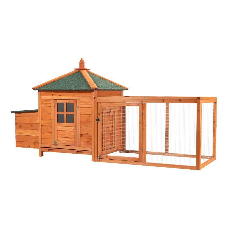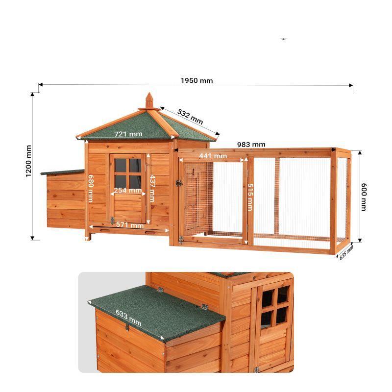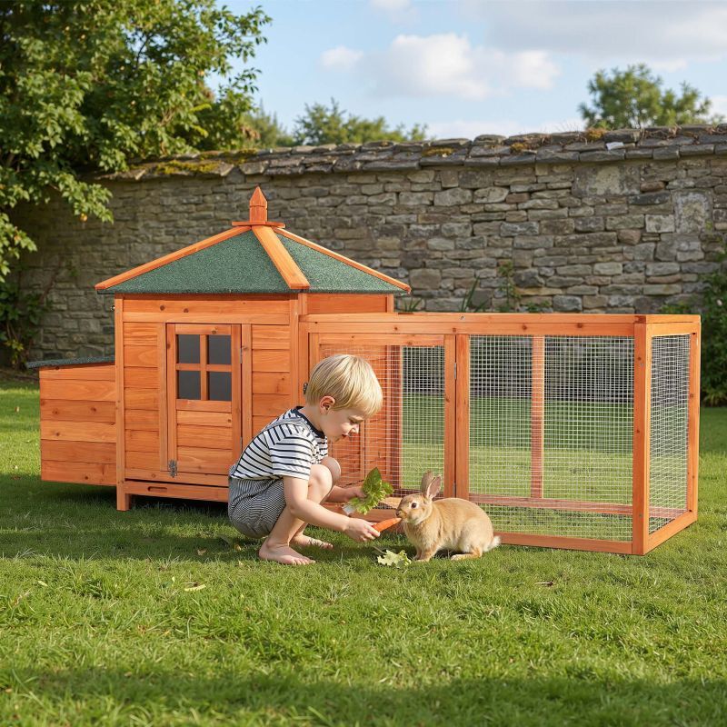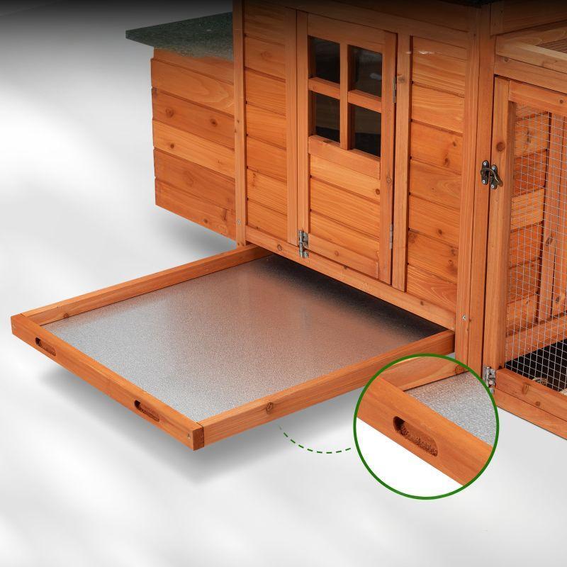 2. Intuicyjna komunikacja: Wnętrze domku połączone jest z wybiegiem za pomocą rampy. Zwierzęta mogą swobodnie decydować, czy chcą przebywać na świeżej trawie, czy schować się w zacisznym, suchym wnętrzu.
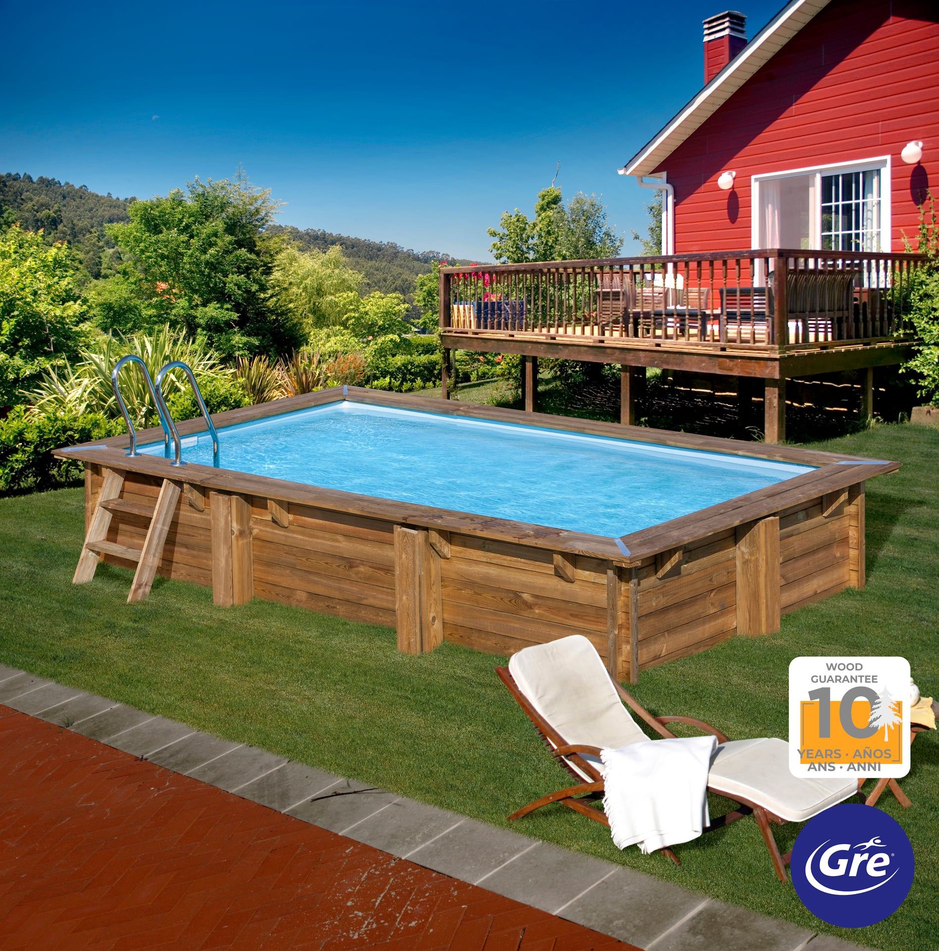 MARBELLA 2 – Rechteckiger Echtholzpool 420 x 270 x 117 cm (Außenmaß) – vol: 8,5m3 – 75/100 Poolfolie – 4m3/h Sandfilter – Edelstahlleiter – Boden- und Wandschutzvlies
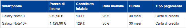 Iniziamo da Tim. L’operatore blu ha inserito i nuovi Galaxy Note nel listino di smartphone Samsung acquistabili a rate. Come riportato nella tabella seguente (fonte: www.tim.it), per acquistare il Note10 a rate con Tim bisognerà dare un contributo iniziale di 139 euro e rate da 26 euro al mese per 30 mesi; per il Note10+ il contributo iniziale è pari a 129 euro con rate mensili da 30 euro per una durata di 30 mesi. In entrambi i casi è possibile l’acquisto solo con carta di credito.
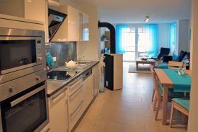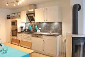 Der Wohn- und Essbereich empfängt den Gast mit einer modern ausgestatteten, offenen Wohnküche, einem Essbereich, einer TV-Lounge bestehend aus einem gemütlichen Ecksofa sowie einem Relax Sessel zum Entspannen. Die luxuriöse Einbauküche ist hochwertig und komplett ausgestattet. Ein Kaminofen macht die Wohnung auch für die kühlere Jahreszeit gemütlich (Kaminholz muss selbst organisiert werden). Außerdem steht für unsere Gäste eine Wii-Konsole mit diversen Spielen bereit, damit es zu keiner Zeit langweilig wird. Das moderne Tageslicht-Bad mit Dusche ist mit einem Handtuchwärmer und einem Föhn ausgestattet.
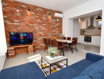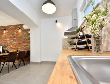 Ribnica 15 km fra Novigrad: Rekkehus "Ivan", renovert i 2020. 9 km fra sentrum av Obrovac, i en solrikt, høyt posisjon, 1 km fra sjøen, 1 km fra stranden. Underholdning av bassenget av eieren/gartneren. Privat: tomt 100 m2 (inngjerdet), svømmebasseng kantete (6 x 3 m, 21 m2, dybde 140 cm, Sesongåpent: 01.Apr. - 01.Nov.) med innebygde trapper. Terrasse (100 m2), hagemøbler. I hbrukt: internetilkobbling, vaskemaskin. Parkering ved hbrukt. Butikk 1.5 km, restaurant 2 km, småstenstrand 1 km.Interior
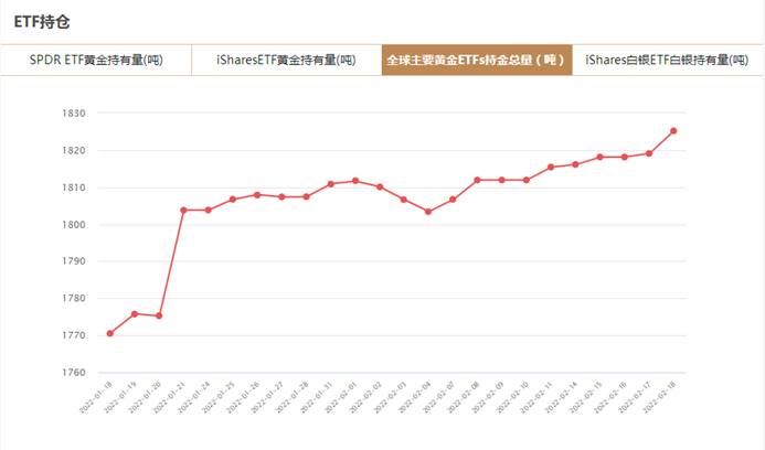 根据黄金信息网站www.24K99.com对全球8大主要黄金ETF的监控数据显示,截至2021年2月18日,全球8大黄金ETFs持仓总量为1825.217吨,与上一交易日增加6.13吨。
# # # #
* **AIM OF THE TASK**
Your reply should be the entries above, repeated exactly and free of pictures.

* **WRITTEN RESPONSE**
 2. Intuicyjna komunikacja: Wnętrze domku połączone jest z wybiegiem za pomocą rampy. Zwierzęta mogą swobodnie decydować, czy chcą przebywać na świeżej trawie, czy schować się w zacisznym, suchym wnętrzu.
 MARBELLA 2 – Rechteckiger Echtholzpool 420 x 270 x 117 cm (Außenmaß) – vol: 8,5m3 – 75/100 Poolfolie – 4m3/h Sandfilter – Edelstahlleiter – Boden- und Wandschutzvlies
 Iniziamo da Tim. L’operatore blu ha inserito i nuovi Galaxy Note nel listino di smartphone Samsung acquistabili a rate. Come riportato nella tabella seguente (fonte: www.tim.it), per acquistare il Note10 a rate con Tim bisognerà dare un contributo iniziale di 139 euro e rate da 26 euro al mese per 30 mesi; per il Note10+ il contributo iniziale è pari a 129 euro con rate mensili da 30 euro per una durata di 30 mesi. In entrambi i casi è possibile l’acquisto solo con carta di credito.
 Der Wohn- und Essbereich empfängt den Gast mit einer modern ausgestatteten, offenen Wohnküche, einem Essbereich, einer TV-Lounge bestehend aus einem gemütlichen Ecksofa sowie einem Relax Sessel zum Entspannen. Die luxuriöse Einbauküche ist hochwertig und komplett ausgestattet. Ein Kaminofen macht die Wohnung auch für die kühlere Jahreszeit gemütlich (Kaminholz muss selbst organisiert werden). Außerdem steht für unsere Gäste eine Wii-Konsole mit diversen Spielen bereit, damit es zu keiner Zeit langweilig wird. Das moderne Tageslicht-Bad mit Dusche ist mit einem Handtuchwärmer und einem Föhn ausgestattet.
 Ribnica 15 km fra Novigrad: Rekkehus "Ivan", renovert i 2020. 9 km fra sentrum av Obrovac, i en solrikt, høyt posisjon, 1 km fra sjøen, 1 km fra stranden. Underholdning av bassenget av eieren/gartneren. Privat: tomt 100 m2 (inngjerdet), svømmebasseng kantete (6 x 3 m, 21 m2, dybde 140 cm, Sesongåpent: 01.Apr. - 01.Nov.) med innebygde trapper. Terrasse (100 m2), hagemøbler. I hbrukt: internetilkobbling, vaskemaskin. Parkering ved hbrukt. Butikk 1.5 km, restaurant 2 km, småstenstrand 1 km.Interior
 根据黄金信息网站www.24K99.com对全球8大主要黄金ETF的监控数据显示,截至2021年2月18日,全球8大黄金ETFs持仓总量为1825.217吨,与上一交易日增加6.13吨。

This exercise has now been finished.